### COLLECTED DATA
■ ■ ■
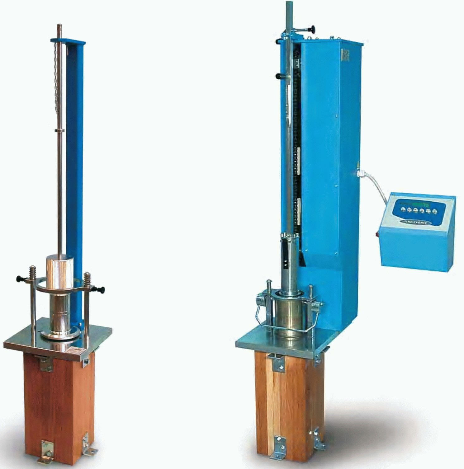 5.3 Механический уплотнитель - Уплотнение образцов может производится либо ручным уплотнителем, либо механическим (см. рисунок 3). Механический уплотнитель должен быть оснащен двигателем с минимальной мощностью 250 Вт, цепным подъемником, рамой и устройством автоматического спуска подвижного груза. Серия образцов одного исследования должна быть уплотнена оборудованием одного типа.
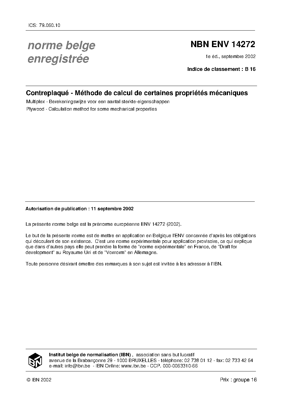 | Publisher | Bureau de Normalisation Belge (NBN) |
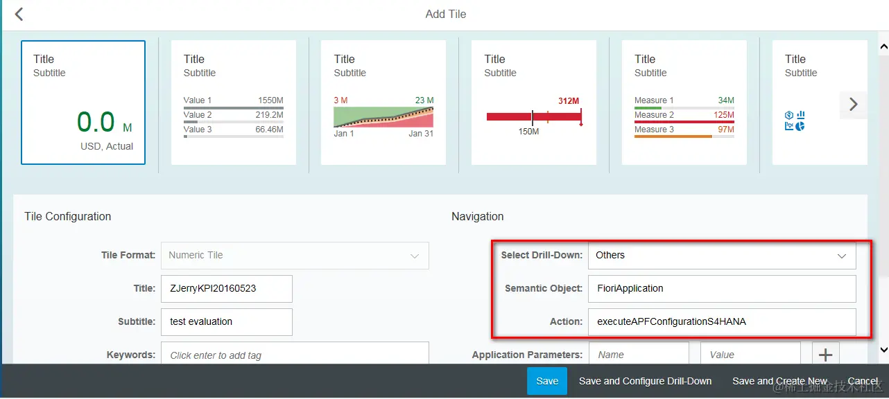 Here in navigation property maintenance area, select Drill down as Others and specify Semantic object and action as the same value you have entered in step 2. Save this tile configuration.
■ ■ ■
### WORK INSTRUCTION
Output the lines above in full and exactly. Leave out every picture.

### OUTPUT
 5.3 Механический уплотнитель - Уплотнение образцов может производится либо ручным уплотнителем, либо механическим (см. рисунок 3). Механический уплотнитель должен быть оснащен двигателем с минимальной мощностью 250 Вт, цепным подъемником, рамой и устройством автоматического спуска подвижного груза. Серия образцов одного исследования должна быть уплотнена оборудованием одного типа.
 | Publisher | Bureau de Normalisation Belge (NBN) |
 Here in navigation property maintenance area, select Drill down as Others and specify Semantic object and action as the same value you have entered in step 2. Save this tile configuration.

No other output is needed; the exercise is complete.